Net Neutrality Explained
In our workshops we make a big deal of using values frames, because they are powerful and we just don’t do it enough. But you can also use frames to make difficult issues easier to understand.
Value frames help voters understand why we take the positions we do. Moral values are simply about right and wrong. If your message about the environment is that it is right to leave a safe and healthy world to our grandchildren, you could work the value frames of protection and common good into your messages.
The values that make up our worldview apply across many issues. Every time you use them in your messaging you not only craft an effective message for one issue, you strengthen their relevance to other issues and to our entire worldview. With just a little practice you’ll get used to working moral value frames into all your communication.

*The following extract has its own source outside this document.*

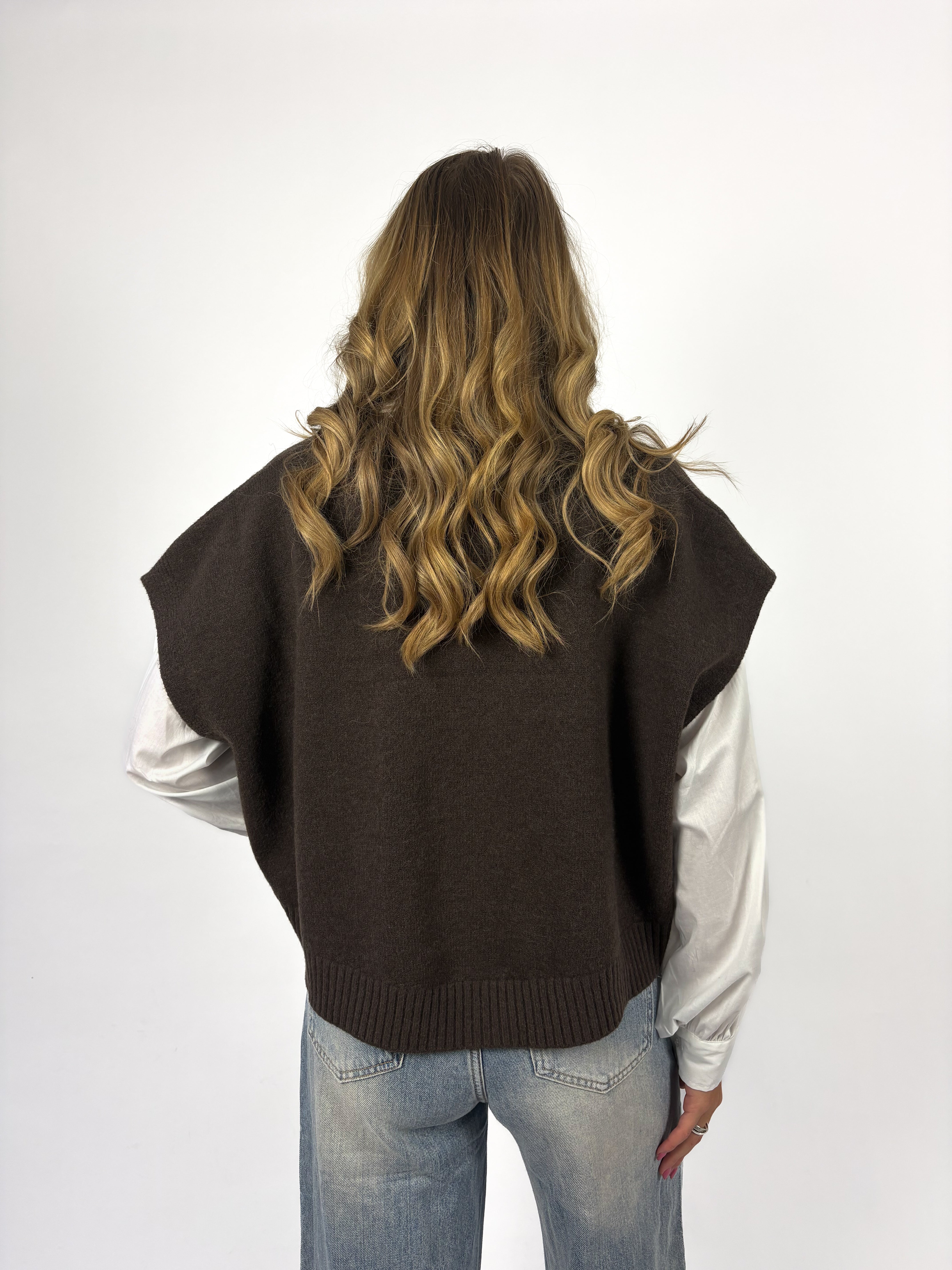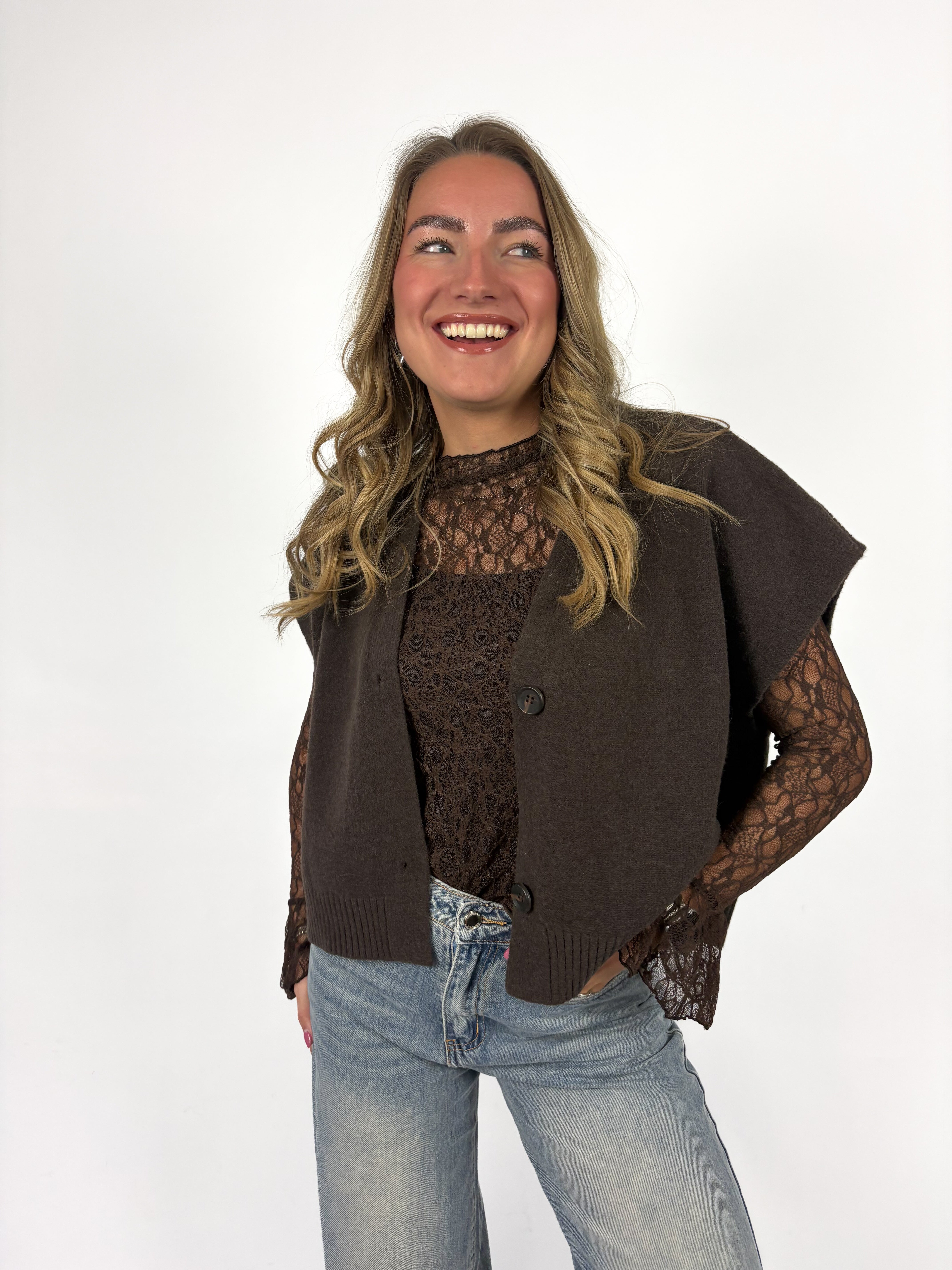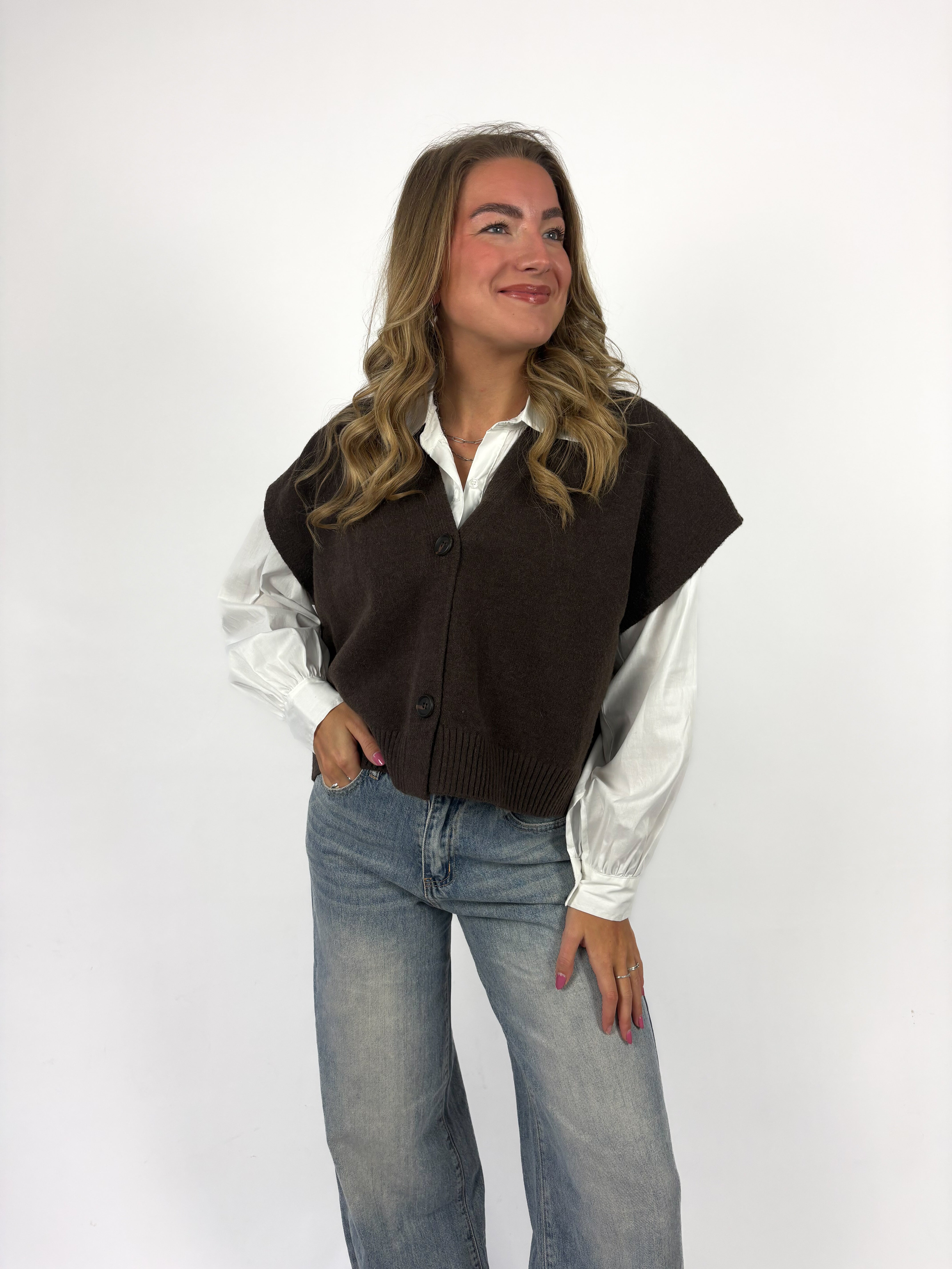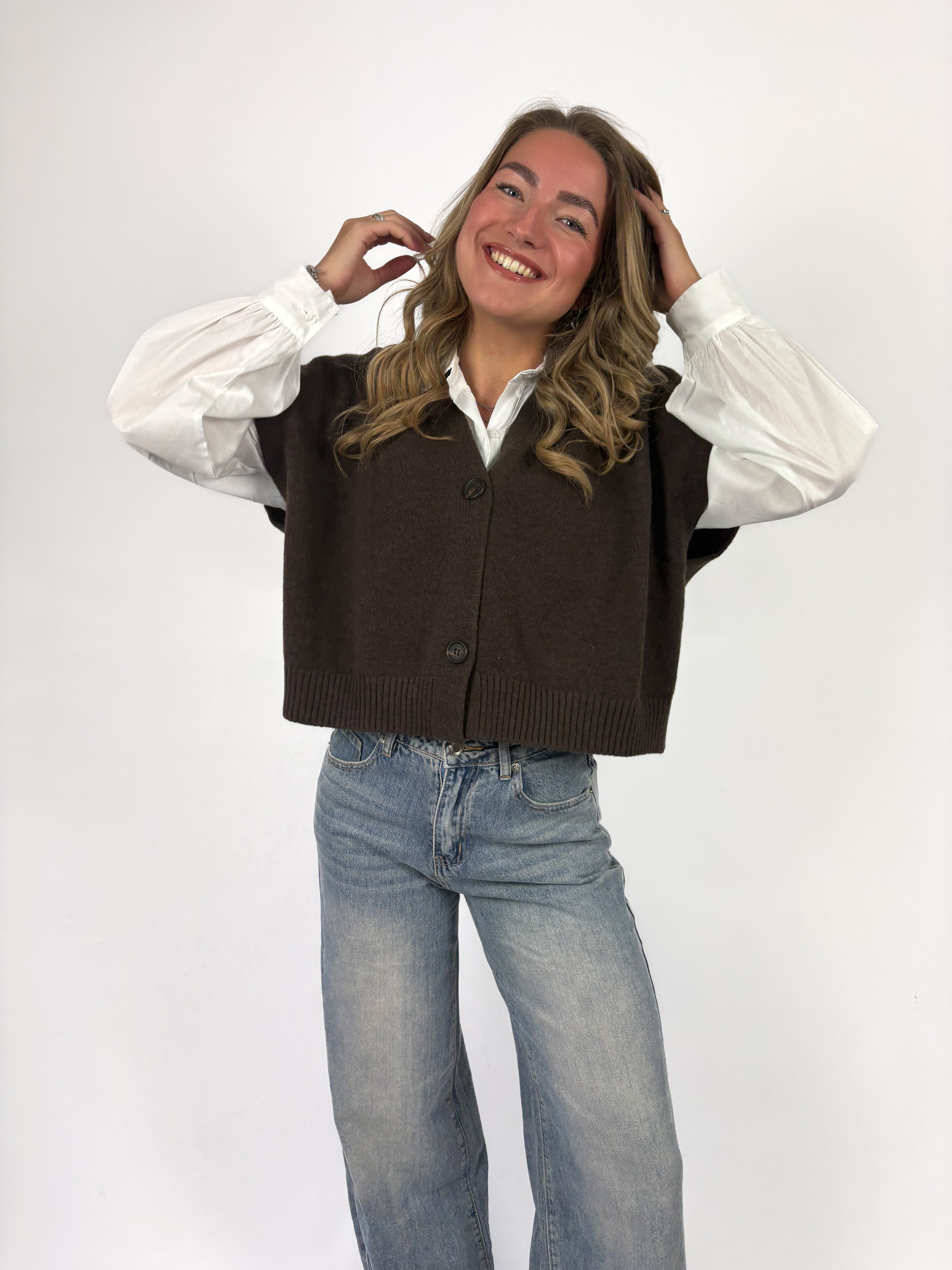Deze bruine spencer met knoopjes is zo’n item dat je eindeloos kunt combineren 🤎
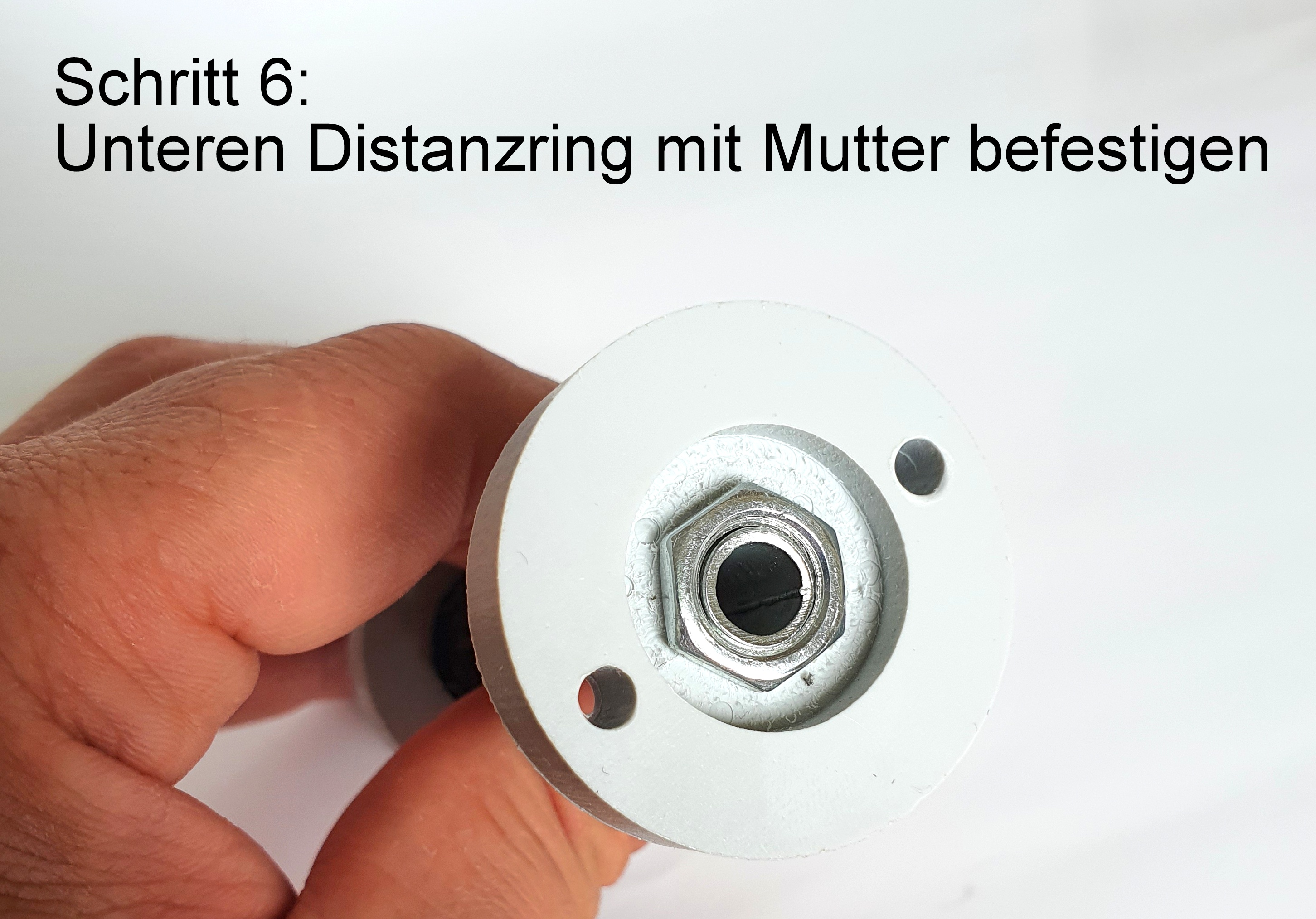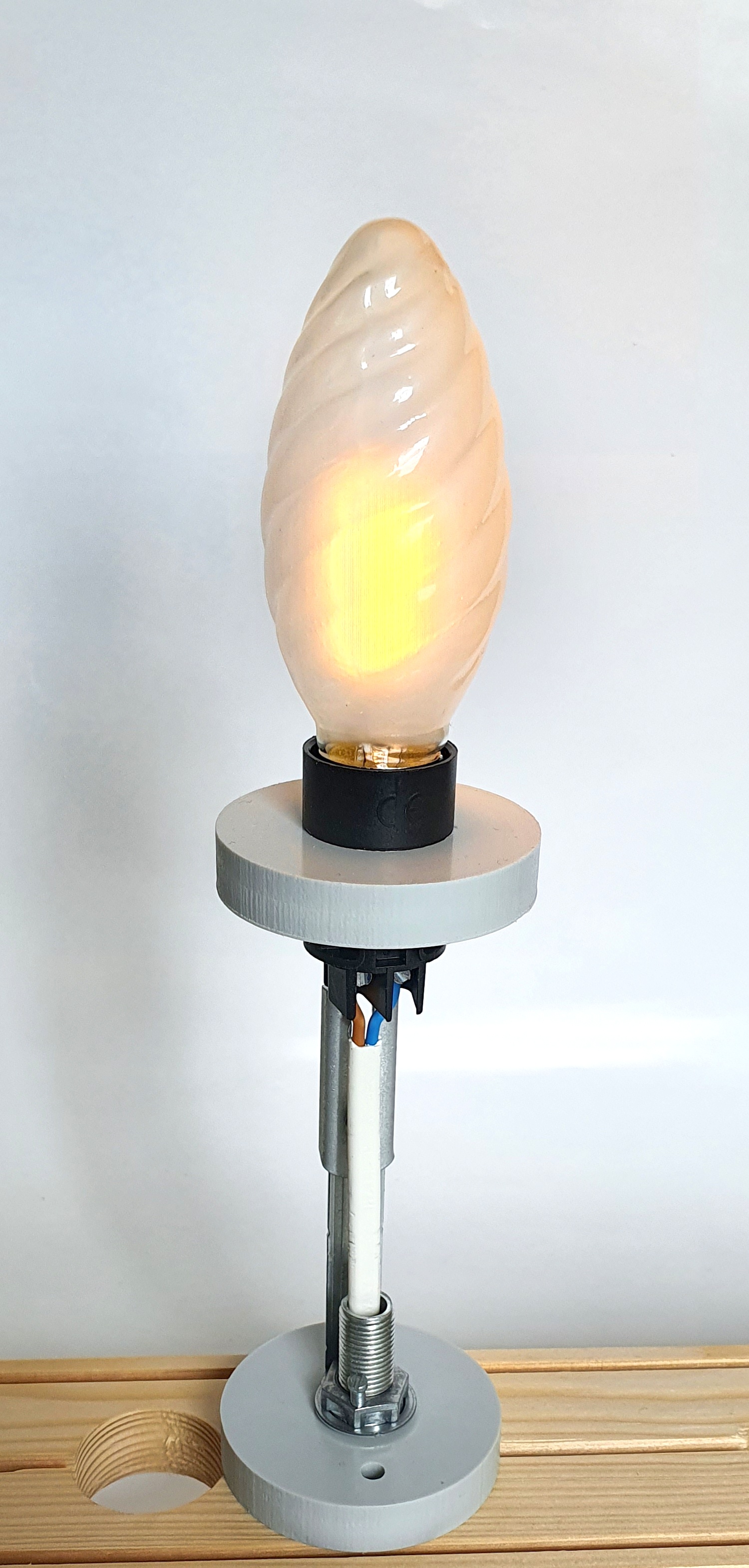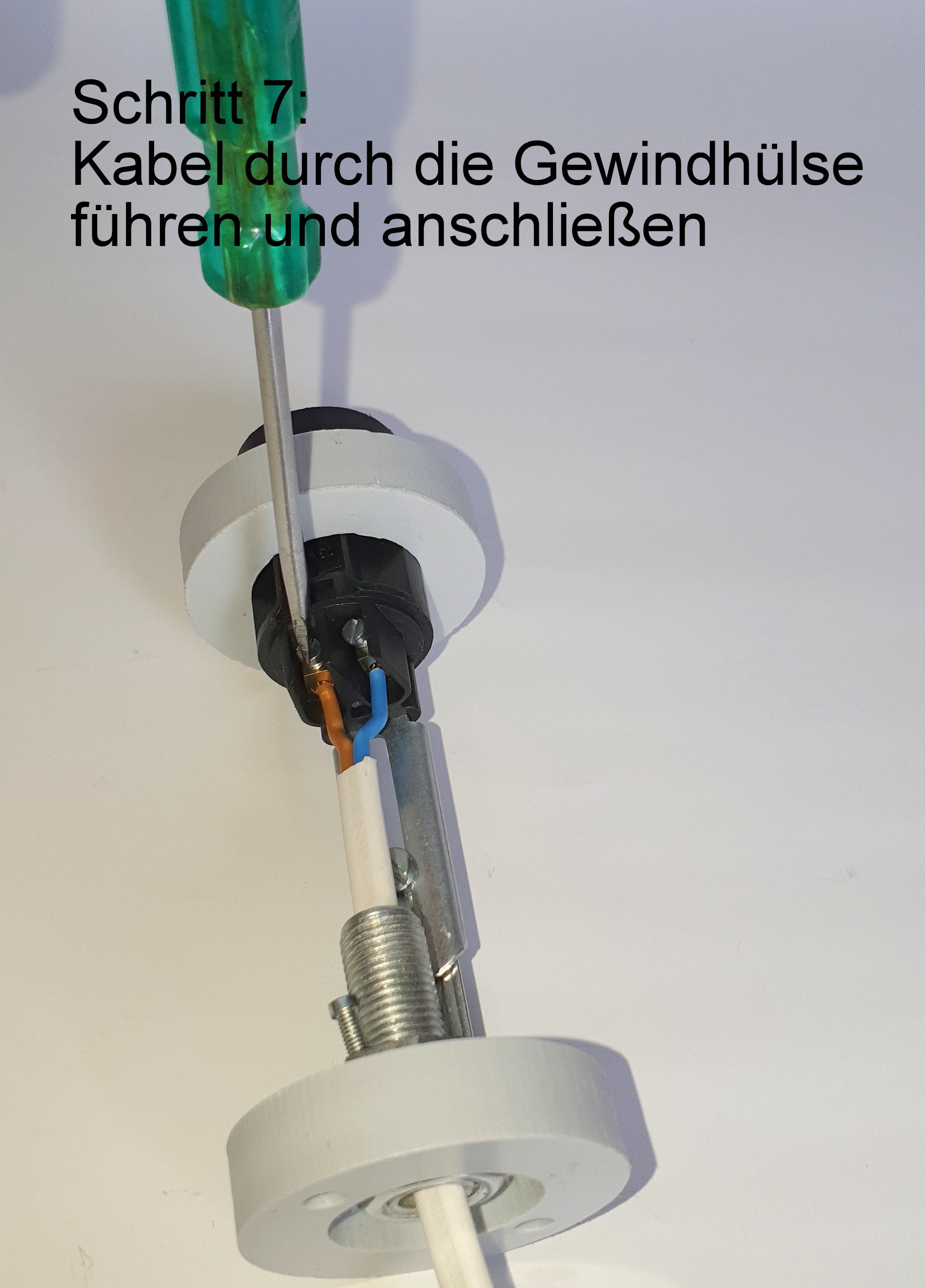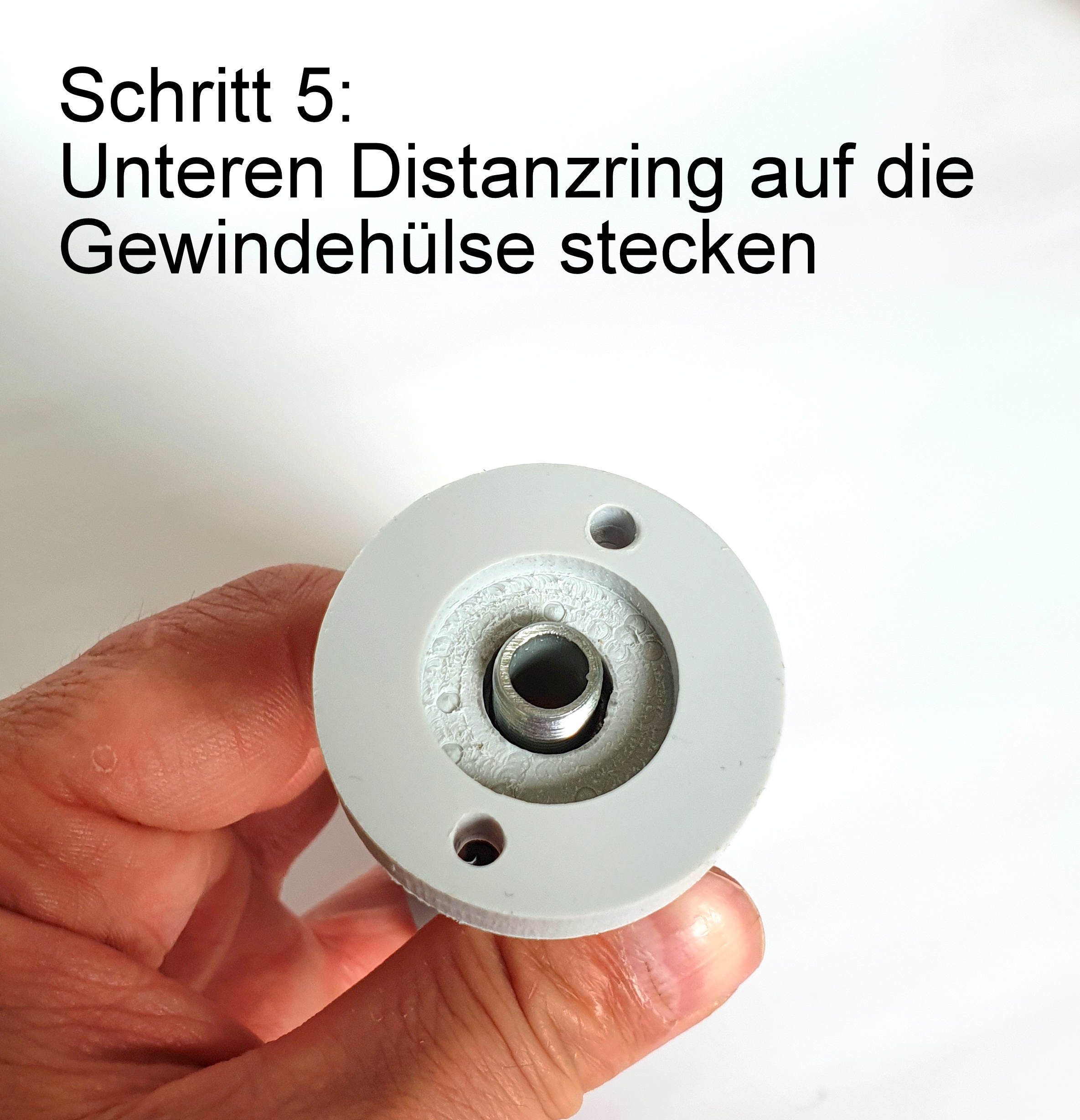 • 2 Kunststoffringe Stärke 10mm, Ø ca. 39mm als Distanzhalterung zwischen Fassung und Glaskolben, unterer Ring mit Bohrungen zur Befestigung nach unten

Where value frames help voters know why we take the positions we do, Explanatory frames help voters understand how something works.
Our brains understand the world through metaphors and what we call story frames. Metaphors allow us to understand one concept in terms of another, for example, the internet is like a superhighway and the phrase “Sunshine is the best disinfectant” both speaks to the of illumination of secrets and to the good that can come of it. In linguistics and cognitive science metaphors turn out to be central to almost all understanding. (I bet if you listen carefully you’ll find lots of metaphors used every day that you’ve never noticed.)
A story frame, or “narrative” frame, explains a complex issue in terms of actors, scenes and scenarios. Well chosen, it can help someone see an issue in a completely different way. For example, the Republican story about Central American immigrants is a crime story where immigrants are criminals and those helping them are co-conspirators. Trump and ICE are heroes saving the victim, the American citizen.
Change the story to a refugee story and immigrants instead deserve empathy and assistance because they are fleeing lethal violence and grinding poverty. It begs the question of what’s causing that problem and how we might help fix it at the source. Those who have empathy for refugees are heroes while those who take their children, lock them in cages and deport their parents are heartless and cruel.
A change of frame from crime to refugee —one word— changes the entire narrative and, importantly, constrains or defines the limits of what belongs in the story and what doesn’t.
Explanatory frames and value frames intersect. A story with a well chosen frame can both explain a situation and evoke our moral values -that’s why personal stories are so powerful! Practice and most often you’ll hear in response “Gee, I never thought of it that way”. That, my friend, is what this is all about.